Records from a collection:
"""
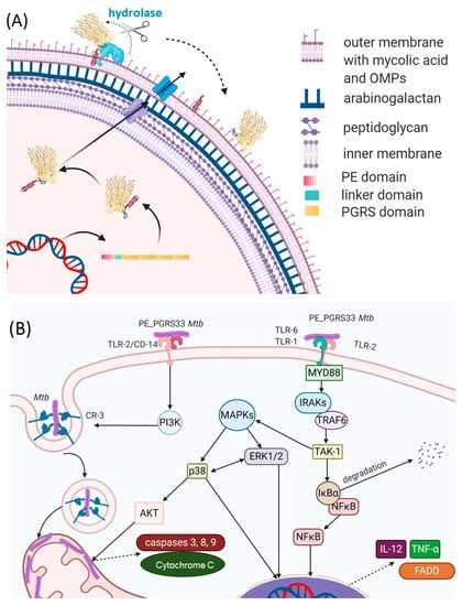 PE_PGRS33 promotes cell death and increases mycobacterial survival in macrophages, as demonstrated by heterologous expression in Mycobacterium smegmatis (Ms), in a process mainly governed by its PGRS domain [74,102,103]. Being localized on the outer surface of the Mtb cell wall, PE_PGRS33 is in a position that results in the exposure to the milieu and in the capacity to interact with the host [95] (Figure 7A). Consistently, PE_PGRS33 was shown to specifically interact with TLR-2 [71,74], though it remains to be determined whether TLR2 requires heterodimerization with TLR1 or TLR6 to properly bind PE_PGRS33, and the role of coreceptors as CD14 or CD36 as well.
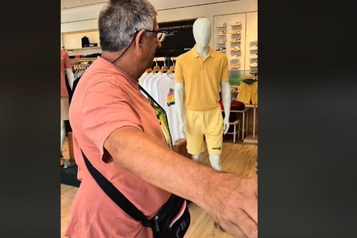 "Vamos a entrar la camiseta de Lacoste porque este cocodrilo viene muy vivo", dice el hombre a cámara, mientras se encontraba en los exteriores de una tienda de la marca francesa de ropa o relojes.
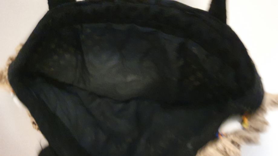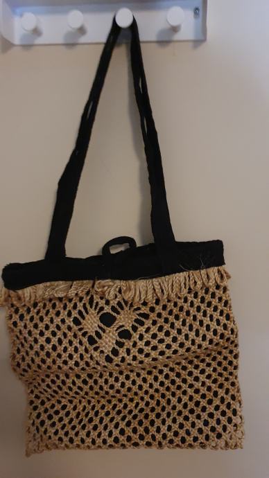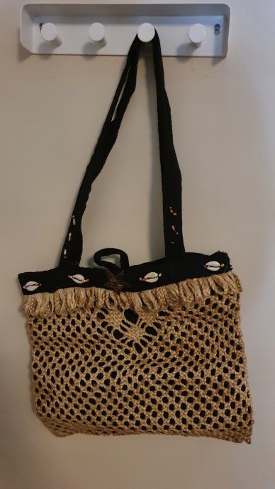 Prodajemo afričku pletenu torbicu sa ukrasima od školjaka i perlica. Pretpostavljamo da je iz Nigerije ili Ghane. U jako je dobrom stanju, neki dijeli kod ulaza su malo ocufani. Prilično je lagana za nositi i udobna na dodir. Dimenzije su 32 cm x 30 cm.
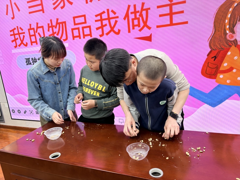 三年级:剥花生 指尖轻动,收获满满。三年级的孩子们静下心来,跟着老师学习剥花生,轻捏果壳、取出果仁,小心翼翼地不浪费、不碎粒,同时将果仁与果壳分类摆放。这项劳作充分锻炼了孩子们的手部力量和灵活度,培养了专注力与耐心,让孩子们在亲手劳作中体会收获的快乐,懂得珍惜劳动成果,感知付出的意义。
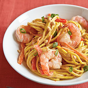 2. Cook noodles in boiling water 1 minute. Add carrots and shrimp; cook 2 minutes or until shrimp are done. Drain in a colander over a bowl, reserving cooking liquid. Rinse noodle mixture under cold water; drain. Add noodle mixture, bell pepper, and 1/4 cup onions to peanut butter mixture, tossing to combine. Add enough of reserved cooking liquid to keep sauce creamy. Sprinkle with remaining 1/4 cup onions and peanuts.
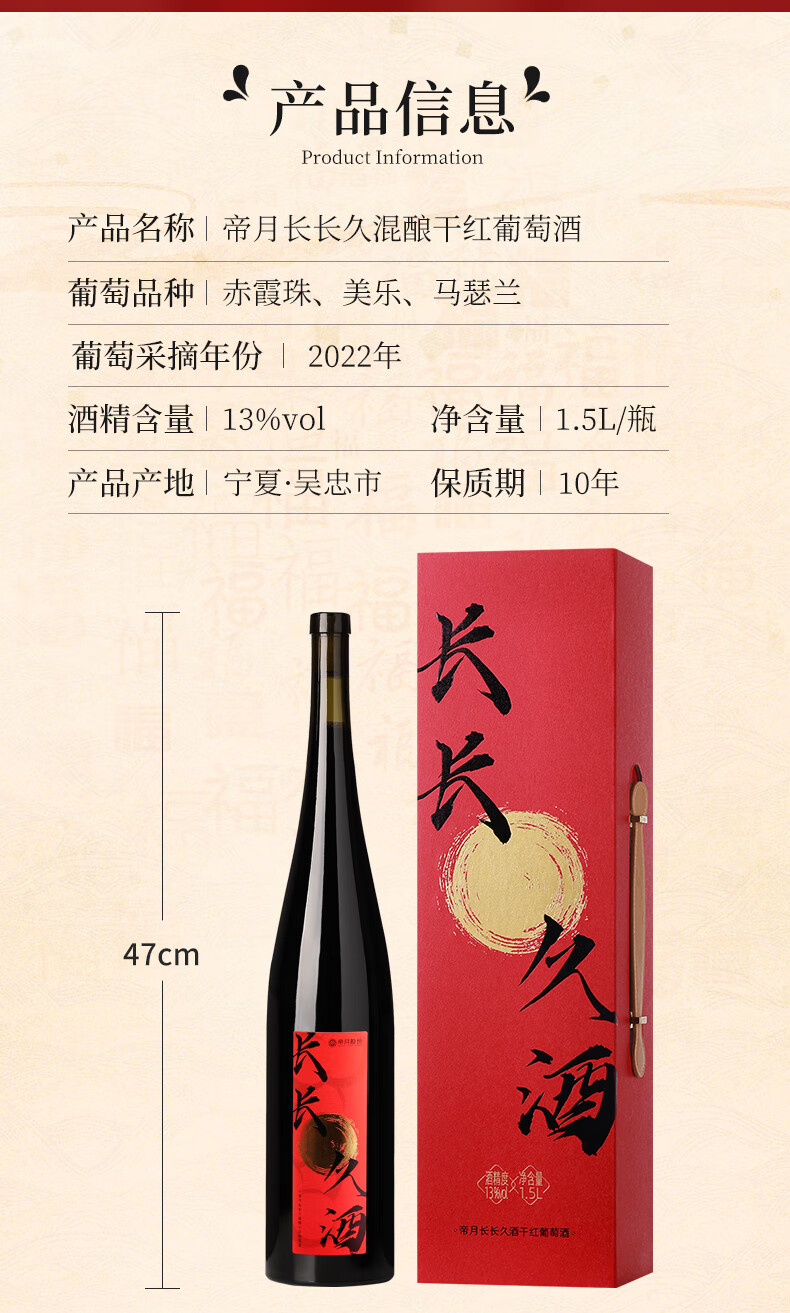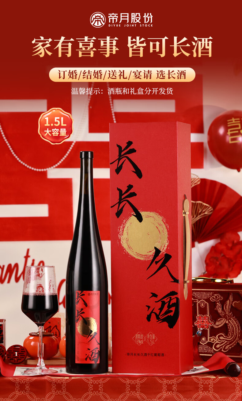 帝月长长久酒干红葡萄酒1.5L送礼高端酒订婚结婚宴会摆台喜酒新婚礼物 【1瓶装】长长久酒1.5L*1(手提袋)
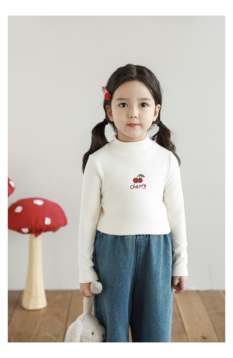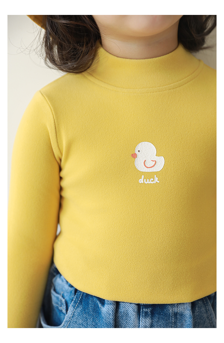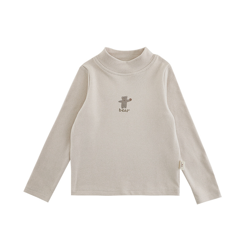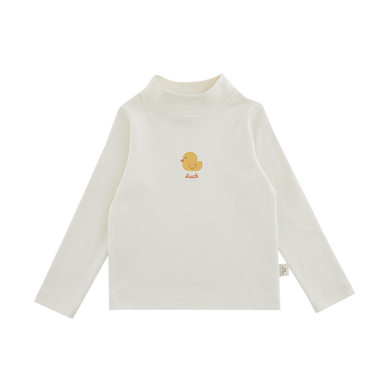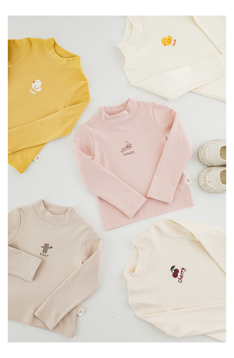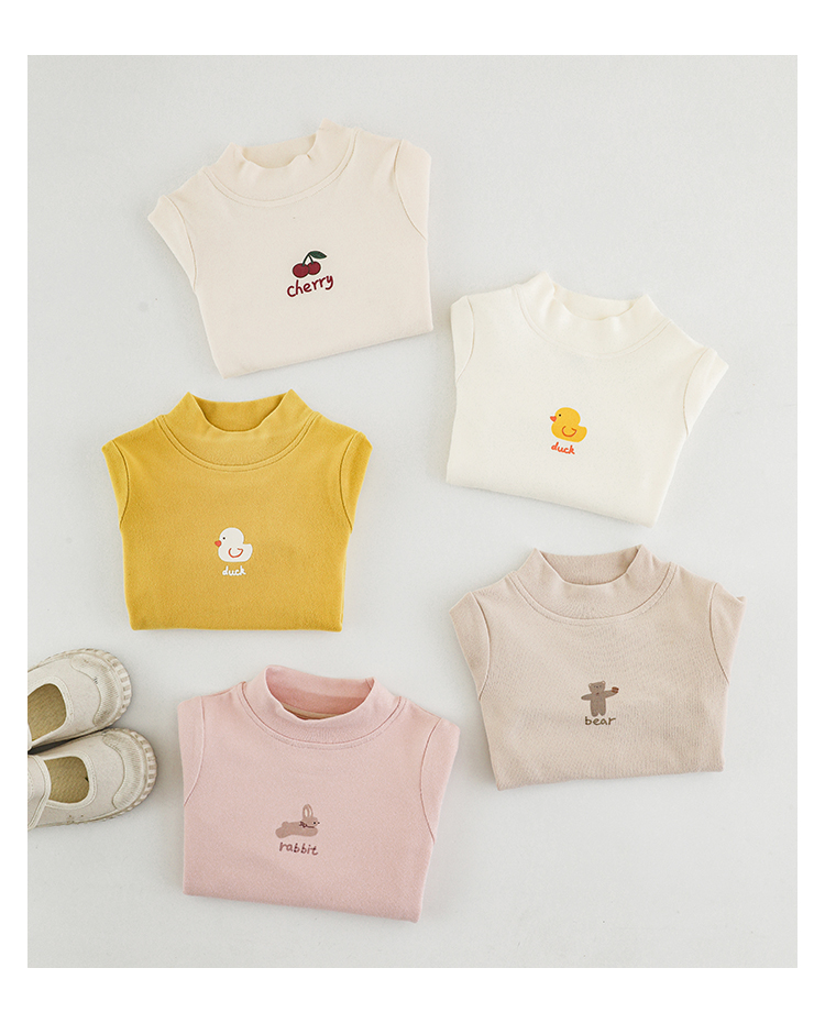 Wuri Boo 소녀의 만화 동물 높은 칼라 기지 셔츠 슬림핏 가을 어린이 귀여운 올 매치 캐주얼 티셔츠
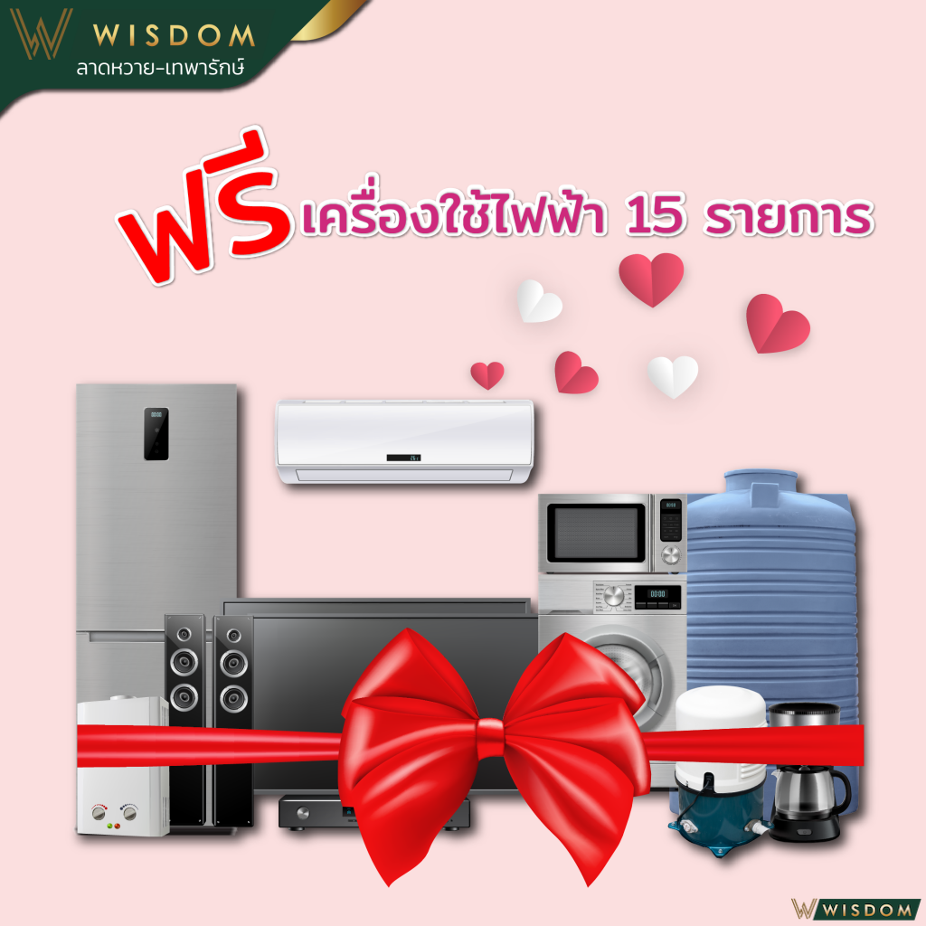 เดือนกุมภาพันธ์เป็นเดือนที่มองไปทางไหนก็เป็นสีชมพู เพราะเดือนกุมภาพันธ์เป็นเดือนแห่งความรัก เป็นเดือนที่มีวันวาเลนไทน์นั่นเอง เพราะเป็นเดือนแห่งความรัก โครงการบ้านเดี่ยววิสดอม ของเราก็อยากมอบของขวัญวาเลนไทน์สำหรับผู้ที่ซื้อบ้านกับเราในเดือนกุมภาพันธ์นี้ ด้วยโปรของแถมสุดพิเศษ จัดไปหนักๆ เครื่องใช้ไฟฟ้าฟรีไปเลย 15 รายการ
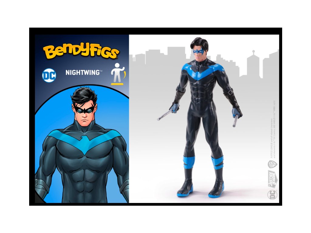 Tato autentická, propracovaná ohýbací figurka Nightwinga od DC obsahuje stojánek pro vystavení.
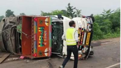 पटना में हाईवा ने पुलिस गाड़ी को मारी टक्कर, रेलिंग से टकराकर लगी आग
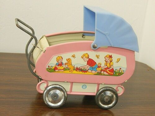 Title (ebay affiliate link): Vintage Ohio Art Pink Tin Illustrated Doll Baby Buggy/Carriage w/Plastic Hood
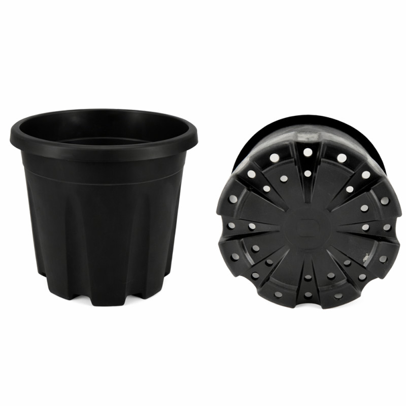 Горщик виготовлений із щільного HDPE-пластику, який відзначається високою міцністю, стійкістю до ультрафіолету та перепадів температур. Ребриста конструкція стінок додає жорсткості, що допомагає контейнеру зберігати форму навіть при заповненні важким субстратом. Міцний обідок у верхній частині забезпечує зручне транспортування та переміщення рослин.
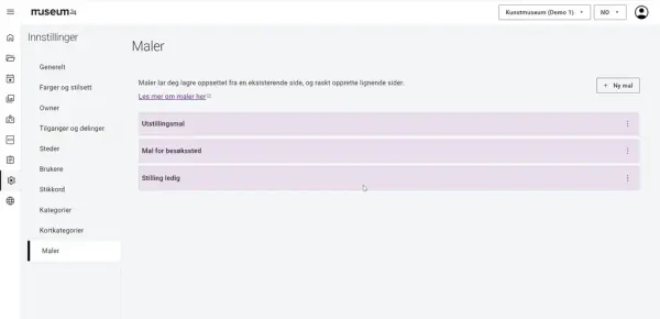 Når man lager en side i Museum24 bygger man alt innholdet fra bunn - seksjoner og moduler. Dette gir en stor fleksibilitet, og gjør at innhold og oppsett/design kan tilpasses hverandre. Men det kan også føles tidkrevende hvis man ønsker samme oppsett gjentatte ganger.
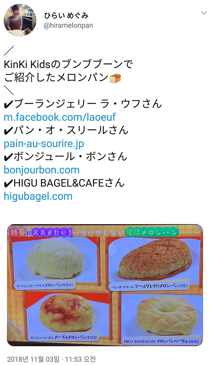 [KinKi Kids] 11/3 붕부붕 메론빵 전문가平井萌 (히라이 메구미)상 트윗
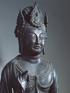 飛鳥彫刻を代表するこの像は像高209.4㎝。あたかも天を指すようなすらりと伸びた体躯に、優しく微笑みかける柔和な尊顔が華麗な光背に映え、見る人の心を惹きつけます。江戸時代には虚空蔵菩薩とされていましたが、明治に化仏のある透かし彫りの宝冠が見つかり、百済観音と呼ばれるようになりました。光背の支柱は竹を模して造られ、基部に山岳文が表現されています。
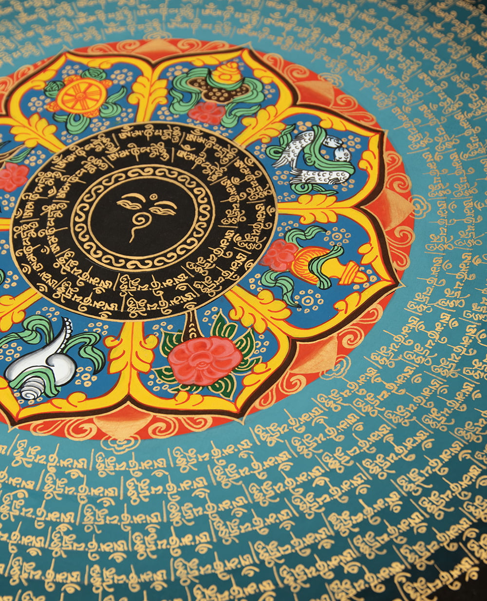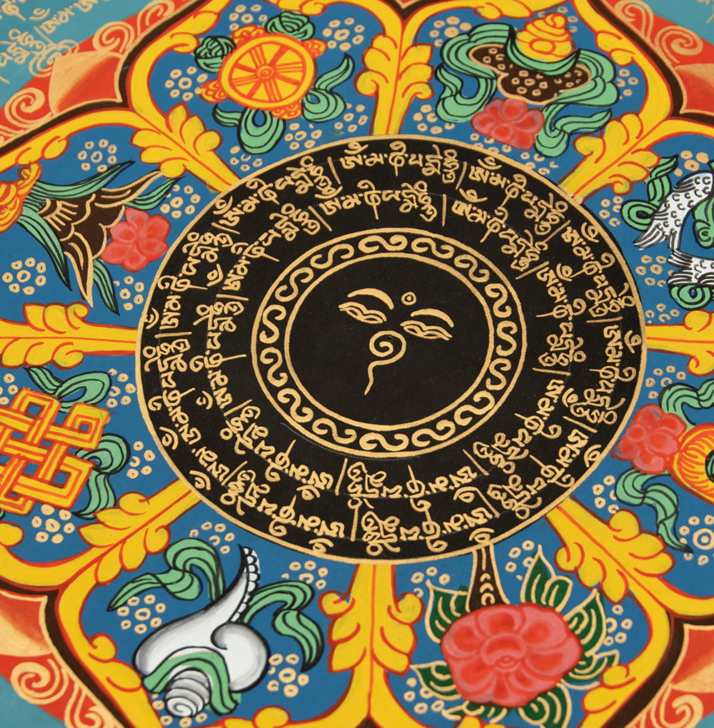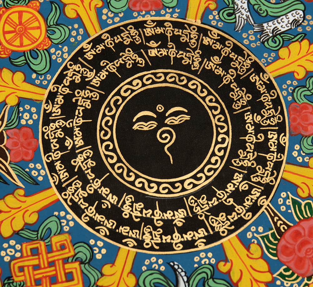 〔一点物〕タンカ - ブッダアイと吉兆図 種子マンダラ[54cm x 54cm] 通販店
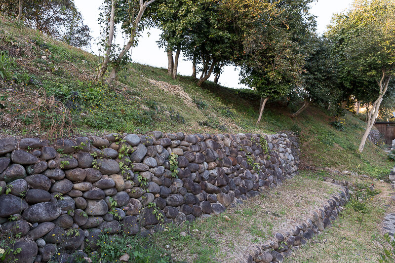 奥平家菩提寺の自性寺周辺には、南北150m、東西230m、高さ約5mの外堀のおかこい山が残る。
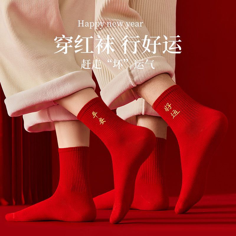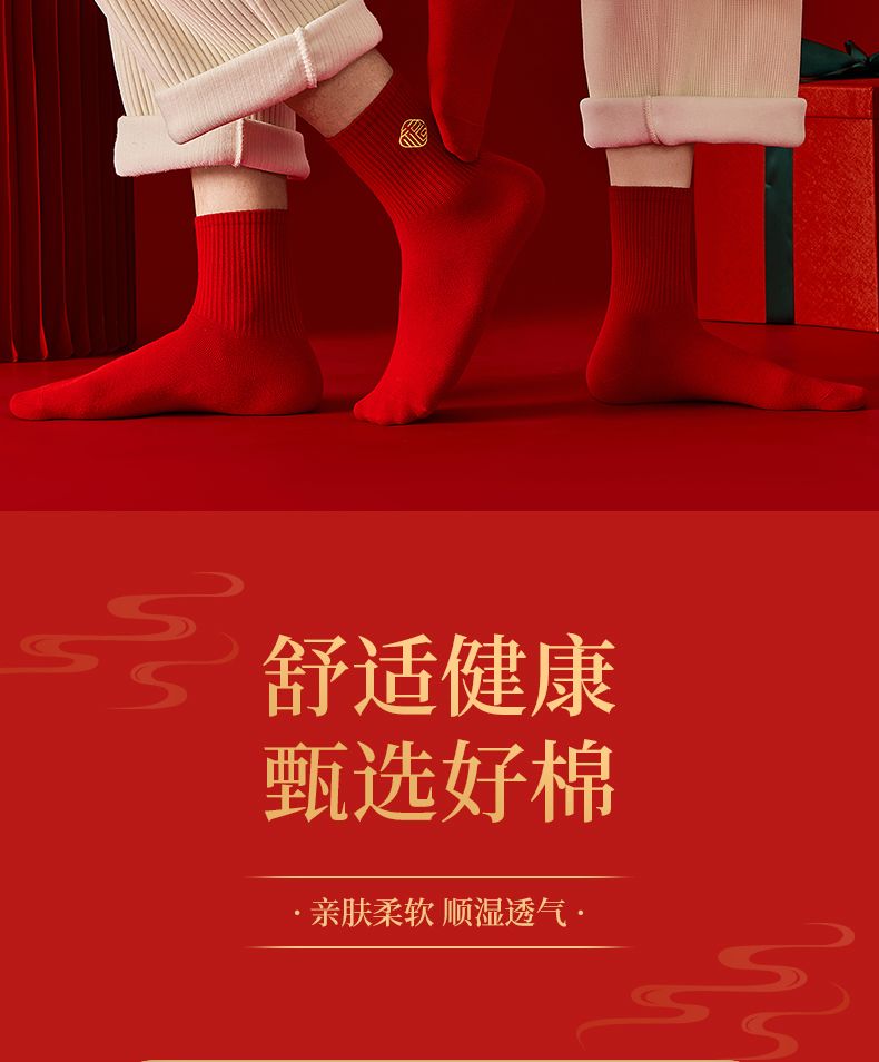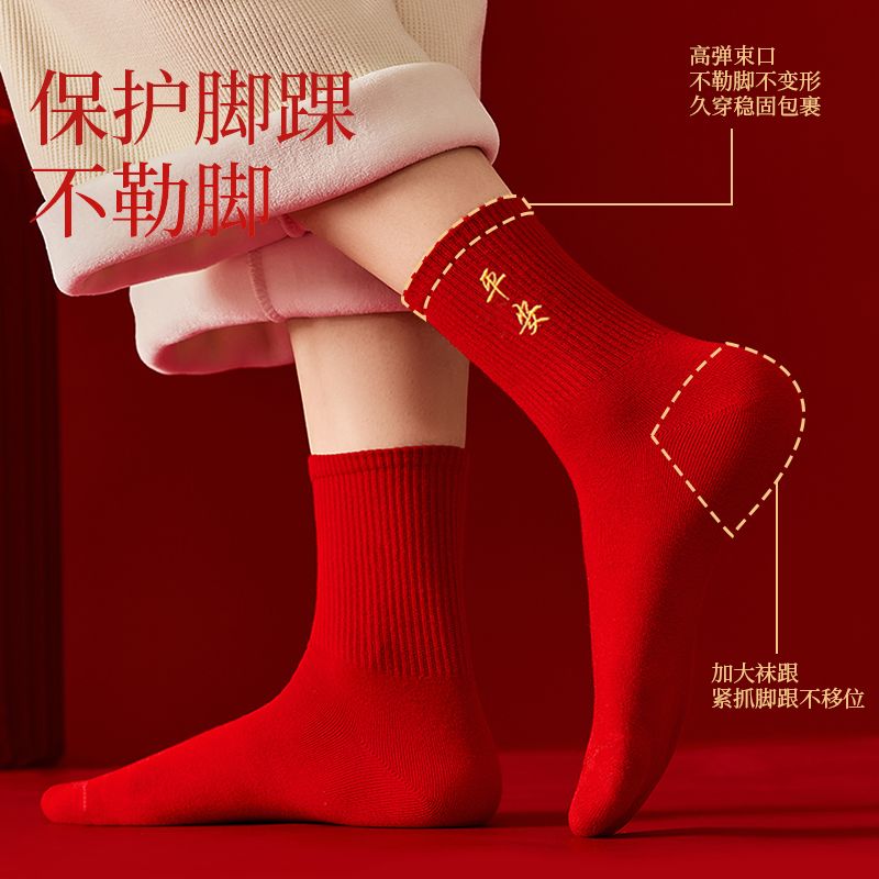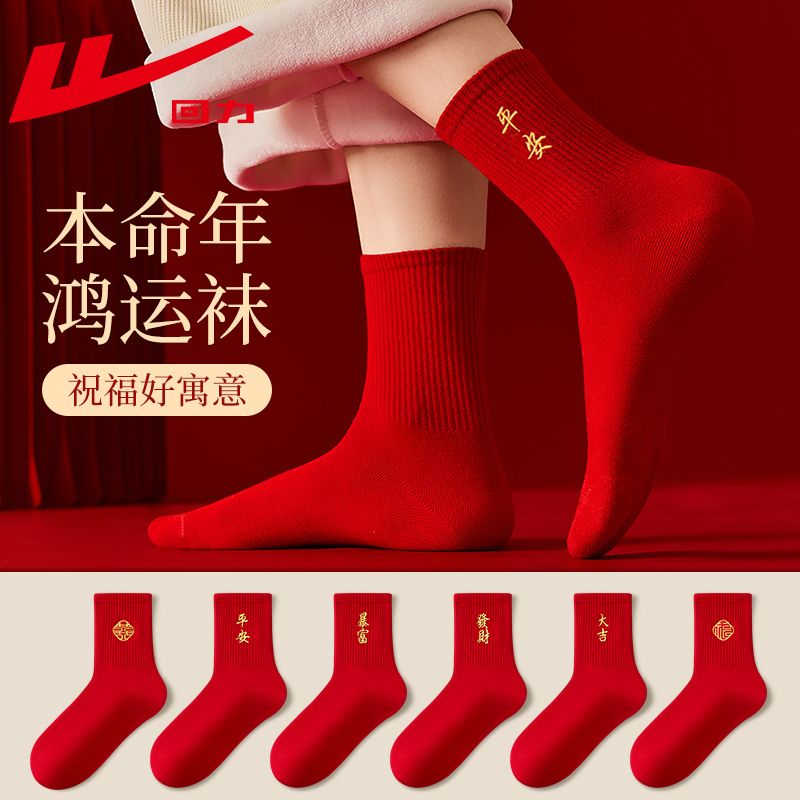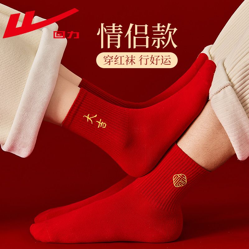 回力红色中筒袜100%纯棉本命年结婚礼物蛇年保暖秋冬季新款红袜子
"""
Your answer should be the lines above from the one that contains "Горщик виготовлений із" through the last, set down exactly, with the pictures removed.

[ANSWER AREA]
 Горщик виготовлений із щільного HDPE-пластику, який відзначається високою міцністю, стійкістю до ультрафіолету та перепадів температур. Ребриста конструкція стінок додає жорсткості, що допомагає контейнеру зберігати форму навіть при заповненні важким субстратом. Міцний обідок у верхній частині забезпечує зручне транспортування та переміщення рослин.
 Når man lager en side i Museum24 bygger man alt innholdet fra bunn - seksjoner og moduler. Dette gir en stor fleksibilitet, og gjør at innhold og oppsett/design kan tilpasses hverandre. Men det kan også føles tidkrevende hvis man ønsker samme oppsett gjentatte ganger.
 [KinKi Kids] 11/3 붕부붕 메론빵 전문가平井萌 (히라이 메구미)상 트윗
 飛鳥彫刻を代表するこの像は像高209.4㎝。あたかも天を指すようなすらりと伸びた体躯に、優しく微笑みかける柔和な尊顔が華麗な光背に映え、見る人の心を惹きつけます。江戸時代には虚空蔵菩薩とされていましたが、明治に化仏のある透かし彫りの宝冠が見つかり、百済観音と呼ばれるようになりました。光背の支柱は竹を模して造られ、基部に山岳文が表現されています。
 〔一点物〕タンカ - ブッダアイと吉兆図 種子マンダラ[54cm x 54cm] 通販店
 奥平家菩提寺の自性寺周辺には、南北150m、東西230m、高さ約5mの外堀のおかこい山が残る。
 回力红色中筒袜100%纯棉本命年结婚礼物蛇年保暖秋冬季新款红袜子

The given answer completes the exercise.